The product could have a big palliative effect in these days of Financial Fair Play. Whereas in the past injury to top players might prompt a moneyed and munificent owner to purchase new models in the next transfer window, a club must in the FFP environment operate within its own resources. Emergency investments are not now so feasible.
“Serious injury or illness to a star player, or maybe a group of senior players, could create a significant financial issue,” added Carvill. “Broadly speaking ‘FFP’ only allows clubs to spend what they can afford, but players are often a club’s most valuable assets. Without the right insurance cover, the club may not have the balance-sheet capital to replace the talent in a like-for-like way or to mitigate lost earnings.”
For although a common criticism of FFP is that it crystallises the elite order of clubs making it impossible for others to break in, the counterpoint is that the consequences of dropping out of that elite due to random injury or illness are more severe than ever. Lose your place in the Champions League and you lose out on tens of millions of pounds and euros of income that could have been put to good use on the pitch.
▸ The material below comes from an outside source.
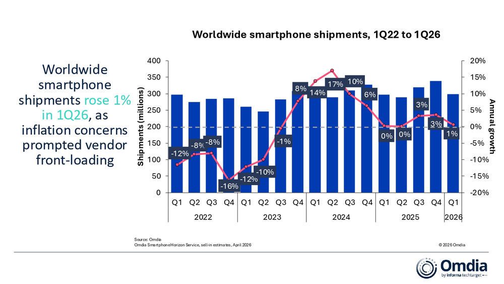 De wereldwijde smartphoneverkoop bereikte in het eerste kwartaal van 2026 een volume van 298,5 miljoen toestellen, een stijging van 1% ten opzichte van dezelfde periode vorig jaar. Volgens onderzoeksbureau Omdia werd de markt in deze periode beïnvloed door twee tegengestelde krachten. Enerzijds zorgde het vooraf inkoopbeleid van fabrikanten zoals Samsung en Apple, die hun voorraden opvoerden in afwachting van verwachte prijsstijgingen voor geheugen en componenten, voor een grotere vraag dan aanvankelijk werd verwacht. Anderzijds bleven macro-economische uitdagingen, zoals aanhoudende inflatie, de koopkracht van consumenten onder druk zetten. Hierdoor ontstond een groeiend verschil tussen de inkoop door winkels en de daadwerkelijke verkoop aan consumenten. Deze disbalans zal naar verwachting leiden tot een duidelijke correctie in het tweede kwartaal en de tweede helft van 2026.

So, twice a week, clubs are putting tens of millions of pounds of human assets into the firing line on the pitch, where reckless tackles or awkward turns can precipitate a chain of events that ultimately results in the entire business model effectively collapsing.
Machiavelli might have been right when he said nothing great was ever achieved without danger. But he of all people would have liked the idea of spreading its impact around a few insurers willing to take on the risk.
Journalist and broadcaster Matt Scott wrote the Digger column for The Guardian newspaper for five years and is now a columnist for Insideworldfootball. Contact him at moc.l1734894647labto1734894647ofdlr1734894647owedi1734894647sni@t1734894647tocs.1734894647ttam1734894647.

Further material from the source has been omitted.